(HOW TO COMPLETE THIS TASK)
Could you copy word for word only the lines between the one containing "Cette fraise de" and the end of the listing below, both included, and leave out the pictures?

(SOURCE MATERIAL)
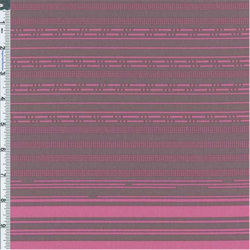 Anna Maria Horner Innocent Crush Mixed Signals horizontal stripe print in shades of grey and hot pink. Light-midweight cotton twill fabric with a smooth softly crisp elegant surface feel, not drapey. Fabric is not fully opaque. Suitable for light-duty home decor accents in tailored styles such as table runners, toss pillows, and drapes
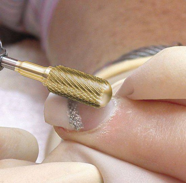 Cette fraise de pédicurie est recouverte d'une couche de nitrure de titane.
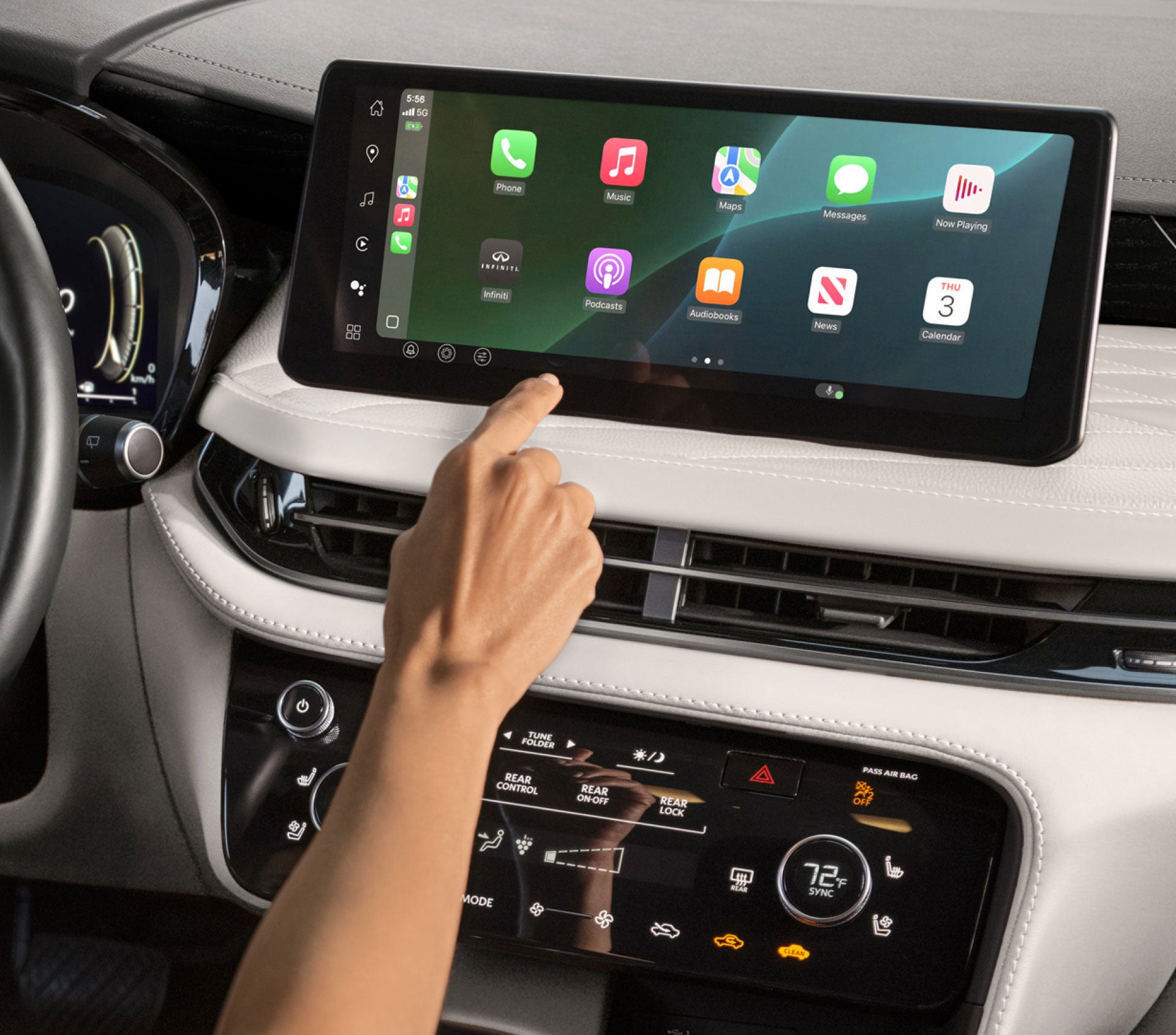 • Wireless Apple CarPlay® - The 2026 INFINITI QX60 comes standard-equipped with wireless Apple CarPlay®, giving you the ability to enjoy the full suite of Apple’s onboard connected offerings — all without ever connecting a cord or cable. [*]

(EXERCISE OUTPUT)
 Cette fraise de pédicurie est recouverte d'une couche de nitrure de titane.
 • Wireless Apple CarPlay® - The 2026 INFINITI QX60 comes standard-equipped with wireless Apple CarPlay®, giving you the ability to enjoy the full suite of Apple’s onboard connected offerings — all without ever connecting a cord or cable. [*]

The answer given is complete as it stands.